_ASSIGNED TASK:_
Only one stretch of the listing below is wanted. Give it again exactly, from the line with "Elektrická gitara Vintage" through the line with "Ulljakke fra Bruuns".

_DATA SHOWN:_
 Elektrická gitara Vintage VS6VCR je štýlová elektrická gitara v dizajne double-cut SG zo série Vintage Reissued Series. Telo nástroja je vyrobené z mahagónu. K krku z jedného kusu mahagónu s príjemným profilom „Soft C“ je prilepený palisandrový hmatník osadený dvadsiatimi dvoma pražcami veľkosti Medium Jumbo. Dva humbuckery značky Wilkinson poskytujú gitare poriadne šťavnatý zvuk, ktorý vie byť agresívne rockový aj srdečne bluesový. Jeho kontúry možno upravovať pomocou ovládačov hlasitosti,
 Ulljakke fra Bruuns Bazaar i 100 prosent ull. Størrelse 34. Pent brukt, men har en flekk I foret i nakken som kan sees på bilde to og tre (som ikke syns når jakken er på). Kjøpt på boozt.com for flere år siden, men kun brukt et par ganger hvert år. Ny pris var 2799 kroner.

---

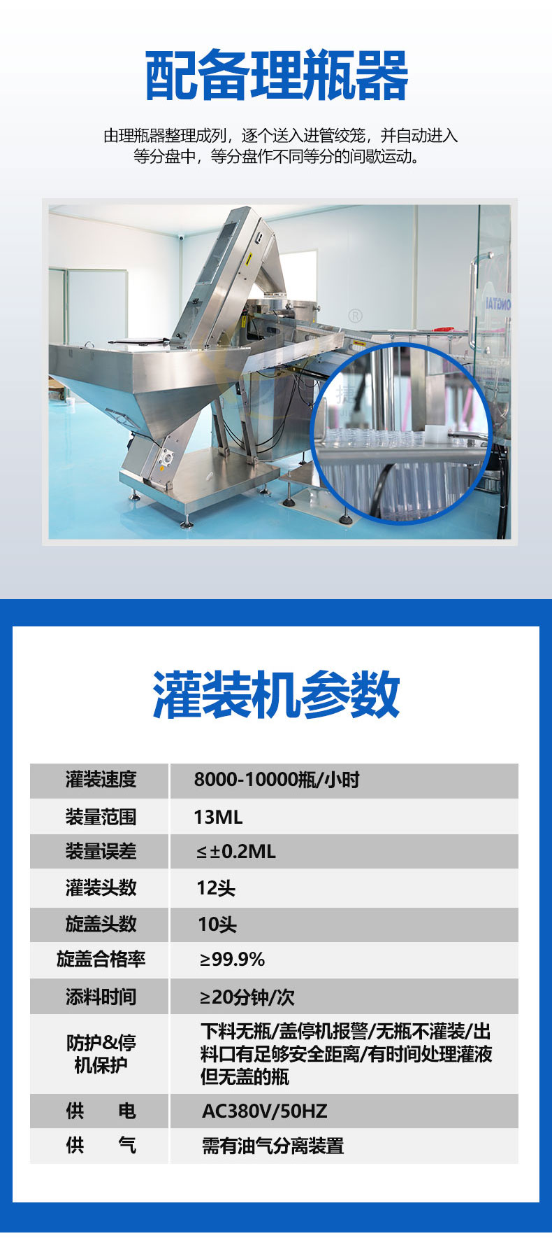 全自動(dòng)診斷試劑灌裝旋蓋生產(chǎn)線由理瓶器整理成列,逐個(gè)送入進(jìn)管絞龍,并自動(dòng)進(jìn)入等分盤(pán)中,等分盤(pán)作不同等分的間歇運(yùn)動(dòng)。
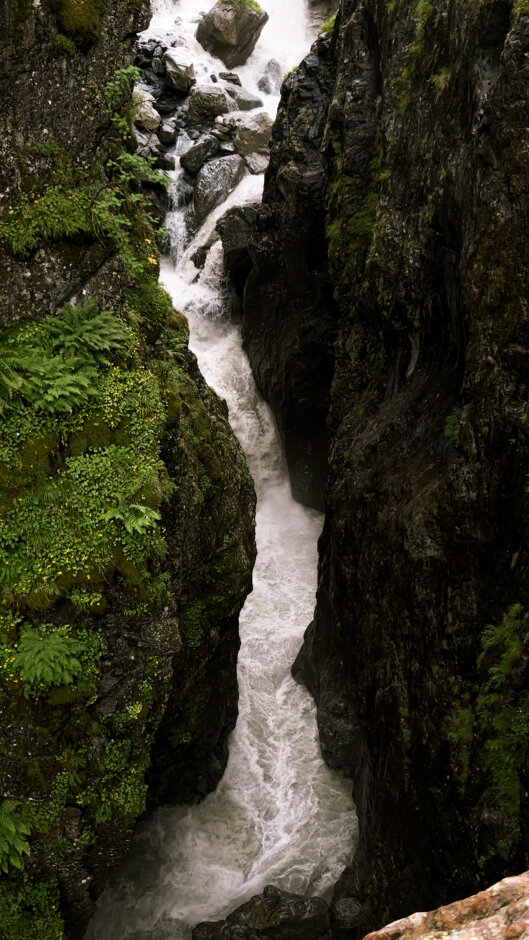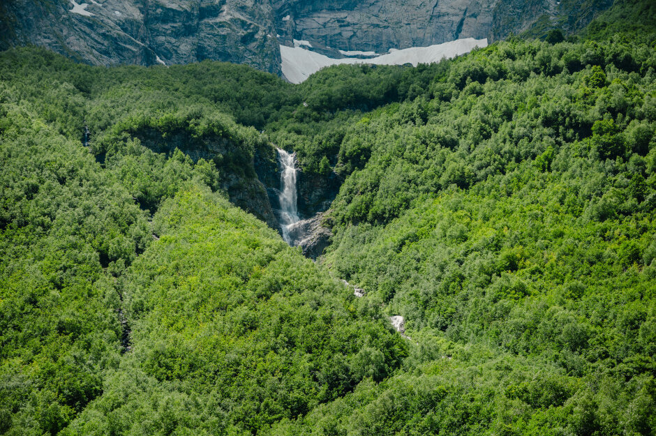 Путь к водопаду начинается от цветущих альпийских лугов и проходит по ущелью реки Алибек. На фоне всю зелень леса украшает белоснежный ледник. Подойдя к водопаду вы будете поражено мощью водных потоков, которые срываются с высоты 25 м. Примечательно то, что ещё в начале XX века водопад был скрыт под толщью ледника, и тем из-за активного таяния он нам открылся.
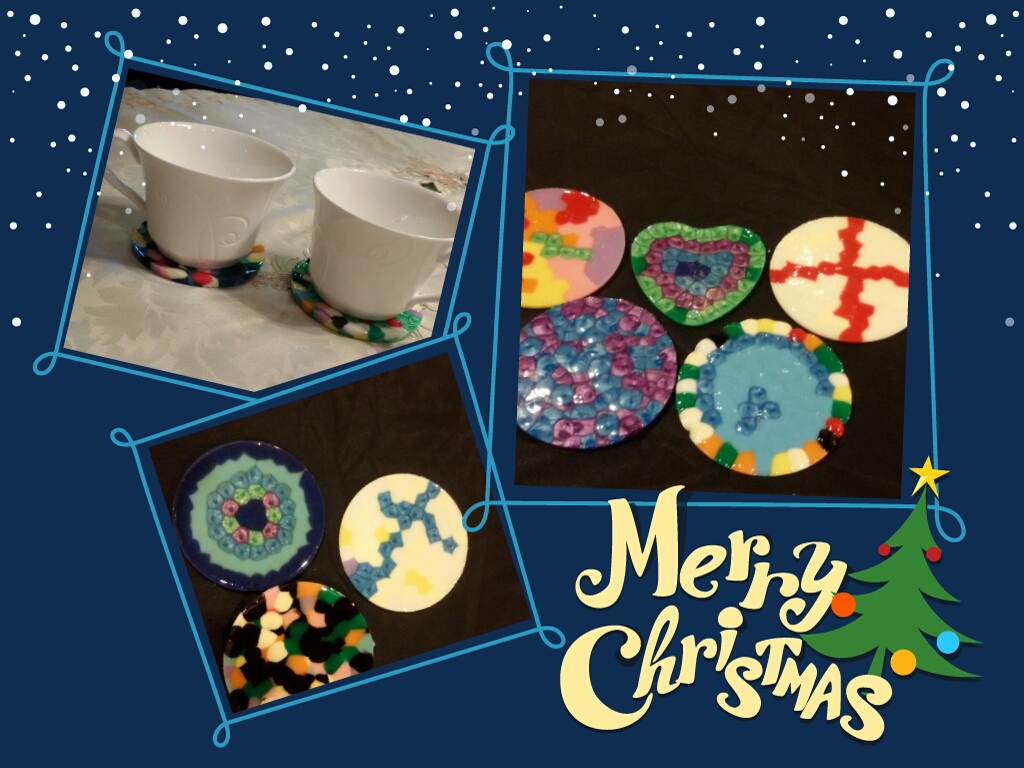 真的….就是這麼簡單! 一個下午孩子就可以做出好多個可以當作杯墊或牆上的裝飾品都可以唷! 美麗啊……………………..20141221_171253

* * *

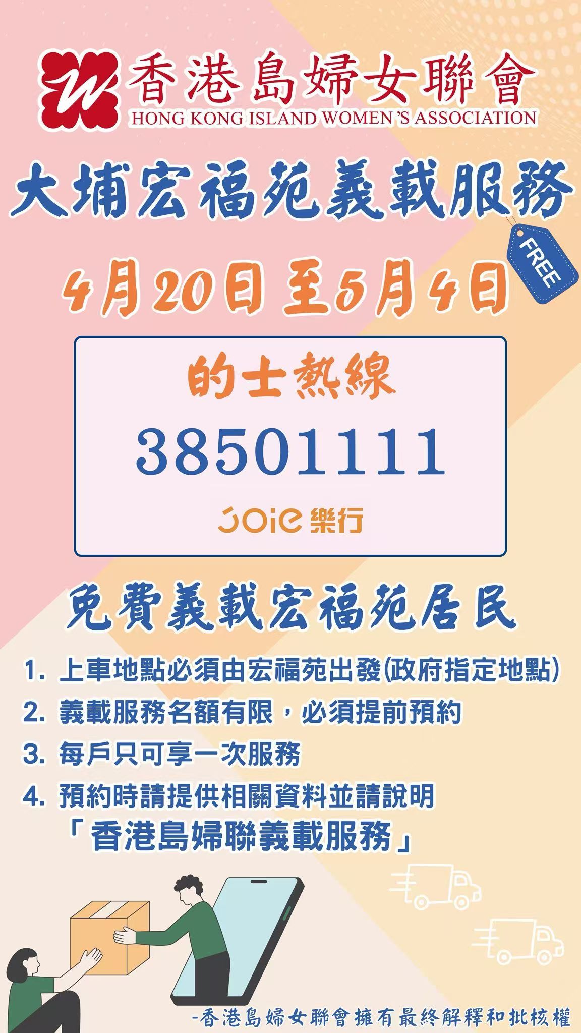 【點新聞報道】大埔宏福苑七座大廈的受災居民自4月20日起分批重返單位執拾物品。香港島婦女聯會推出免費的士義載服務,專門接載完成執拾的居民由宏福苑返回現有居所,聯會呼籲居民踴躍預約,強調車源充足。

_RESPONSE:_
 Elektrická gitara Vintage VS6VCR je štýlová elektrická gitara v dizajne double-cut SG zo série Vintage Reissued Series. Telo nástroja je vyrobené z mahagónu. K krku z jedného kusu mahagónu s príjemným profilom „Soft C“ je prilepený palisandrový hmatník osadený dvadsiatimi dvoma pražcami veľkosti Medium Jumbo. Dva humbuckery značky Wilkinson poskytujú gitare poriadne šťavnatý zvuk, ktorý vie byť agresívne rockový aj srdečne bluesový. Jeho kontúry možno upravovať pomocou ovládačov hlasitosti,
 Ulljakke fra Bruuns Bazaar i 100 prosent ull. Størrelse 34. Pent brukt, men har en flekk I foret i nakken som kan sees på bilde to og tre (som ikke syns når jakken er på). Kjøpt på boozt.com for flere år siden, men kun brukt et par ganger hvert år. Ny pris var 2799 kroner.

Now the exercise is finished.